*WHAT YOU ARE ASKED TO DO*: The whole listing, pictures aside, should be reproduced exactly.

*STORED DATA*:
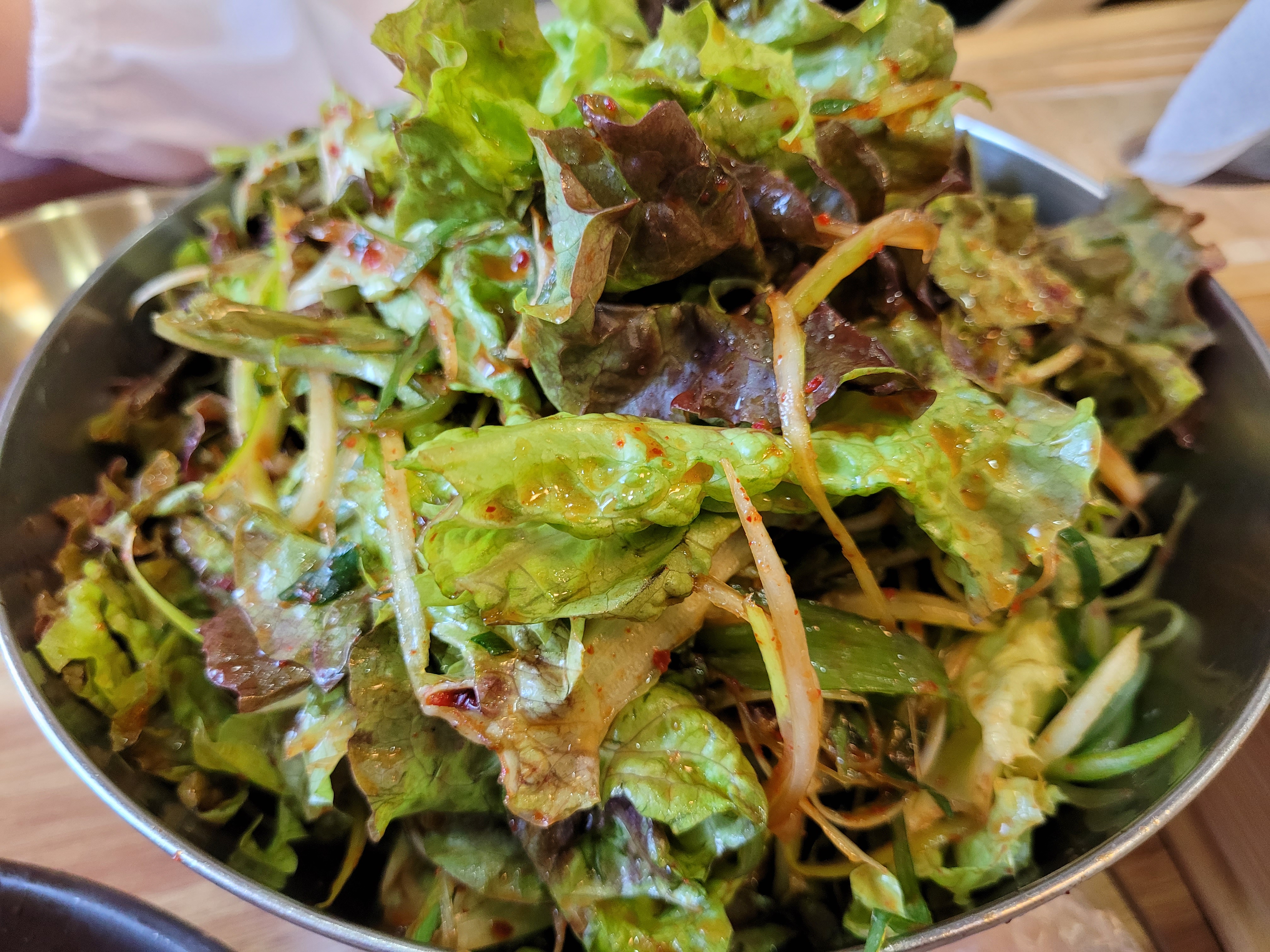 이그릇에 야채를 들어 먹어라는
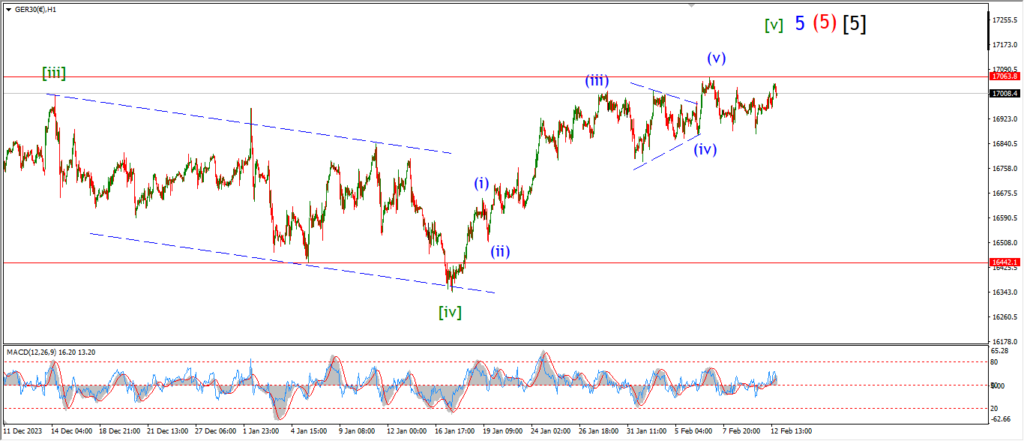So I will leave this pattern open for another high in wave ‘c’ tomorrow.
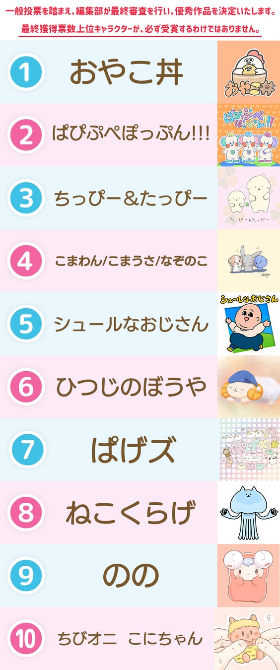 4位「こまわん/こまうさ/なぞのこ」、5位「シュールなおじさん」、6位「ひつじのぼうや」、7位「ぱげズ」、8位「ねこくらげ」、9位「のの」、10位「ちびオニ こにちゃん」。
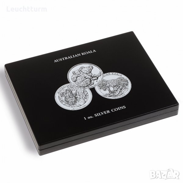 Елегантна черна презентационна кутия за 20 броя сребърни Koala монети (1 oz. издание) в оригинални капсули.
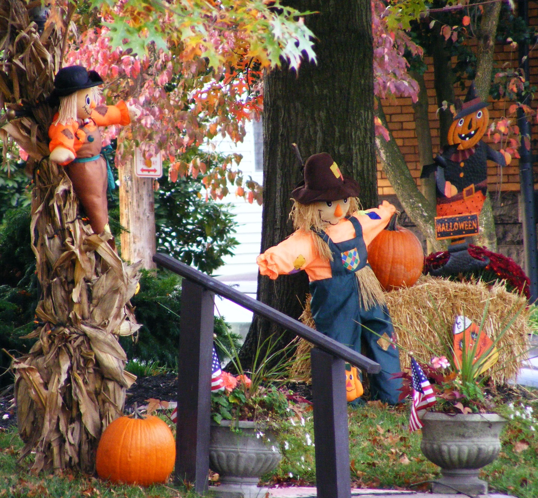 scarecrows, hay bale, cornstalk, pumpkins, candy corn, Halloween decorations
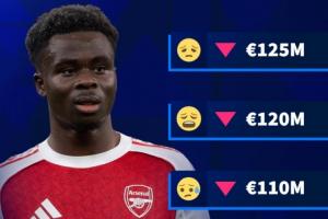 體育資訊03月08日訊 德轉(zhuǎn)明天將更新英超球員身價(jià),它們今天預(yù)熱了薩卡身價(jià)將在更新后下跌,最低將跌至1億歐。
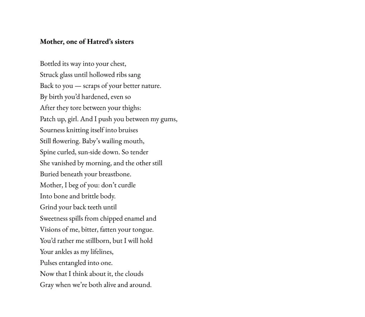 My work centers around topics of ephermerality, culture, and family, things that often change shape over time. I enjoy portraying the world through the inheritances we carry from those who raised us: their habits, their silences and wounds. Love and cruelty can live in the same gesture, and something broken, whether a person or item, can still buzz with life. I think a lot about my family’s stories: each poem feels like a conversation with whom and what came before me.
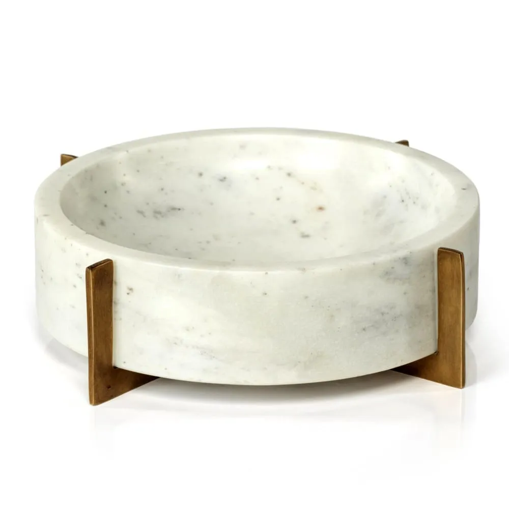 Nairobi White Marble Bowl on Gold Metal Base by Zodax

*FINAL ANSWER*:
 이그릇에 야채를 들어 먹어라는
So I will leave this pattern open for another high in wave ‘c’ tomorrow.
 4位「こまわん/こまうさ/なぞのこ」、5位「シュールなおじさん」、6位「ひつじのぼうや」、7位「ぱげズ」、8位「ねこくらげ」、9位「のの」、10位「ちびオニ こにちゃん」。
 Елегантна черна презентационна кутия за 20 броя сребърни Koala монети (1 oz. издание) в оригинални капсули.
 scarecrows, hay bale, cornstalk, pumpkins, candy corn, Halloween decorations
 體育資訊03月08日訊 德轉(zhuǎn)明天將更新英超球員身價(jià),它們今天預(yù)熱了薩卡身價(jià)將在更新后下跌,最低將跌至1億歐。
 My work centers around topics of ephermerality, culture, and family, things that often change shape over time. I enjoy portraying the world through the inheritances we carry from those who raised us: their habits, their silences and wounds. Love and cruelty can live in the same gesture, and something broken, whether a person or item, can still buzz with life. I think a lot about my family’s stories: each poem feels like a conversation with whom and what came before me.
 Nairobi White Marble Bowl on Gold Metal Base by Zodax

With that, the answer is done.